Florida is known as the “Sunshine State” but I think “Sunrise State” would be equally descriptive. I mentioned in a post from last week titled Rocky Sunrise that I visited Florida last year to attend a friend’s wedding and I took some time to photograph some of the beautiful scenery. One of my trips was to an area called Stuart Rocks Beach. I was looking for beaches with rocks to photograph the sunrise. Florida is not known for rocky beaches. Sandy beaches? Yes. Rocky beaches? Not that many.

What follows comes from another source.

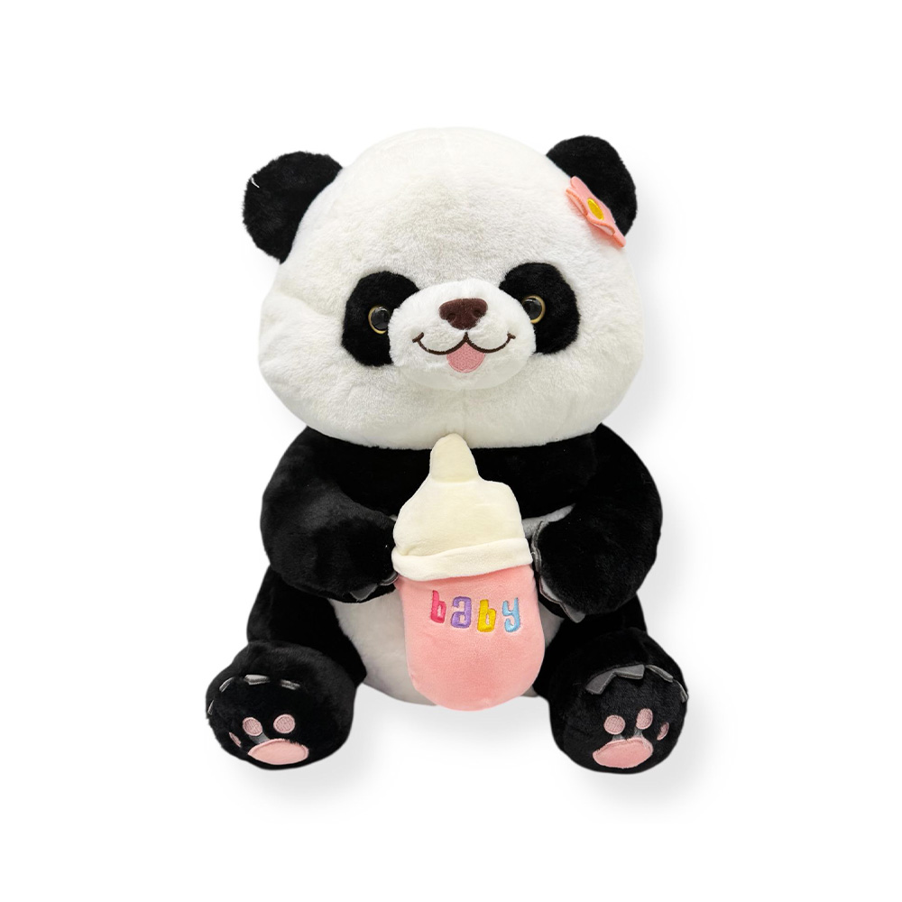 Jucarie de plus Panda baby cu biberon roz (32, 43 si 50 cm)

The Rocks, as this spot is commonly referred to, has a lot of rock formations and it is a very interesting geological area. A small Anastasia Formation of shell fragments and dead coral juts out to sea. Along Florida’s east coast, the Anastasia Formation crops out in a narrow belt extending from Anastasia Island to Boca Raton. There are only three areas where the formation is exposed. Stuart Beach is one of those areas. This limestone formation begins as a white-to-tan colored rock when freshly exposed and then weathers to shades of gray and brown (as was the case for the rocks in this photo). The rock is a mixture of shell fragments and quartz grains bound together by calcium carbonate cement. The rocks can be very jagged and sharp. You don’t want to go tracking through here barefoot. This is your geology lesson for today…
This image was taken with my Sony Alpha A7 II using my Sony FE 24-70mm f/4 Lens set on 24 mm. The camera was set on Aperture priority mode with the aperture set at f/22, shutter speed at 1/2 second of a second and the ISO set at 100. This is a single image processed Lightroom and Photoshop.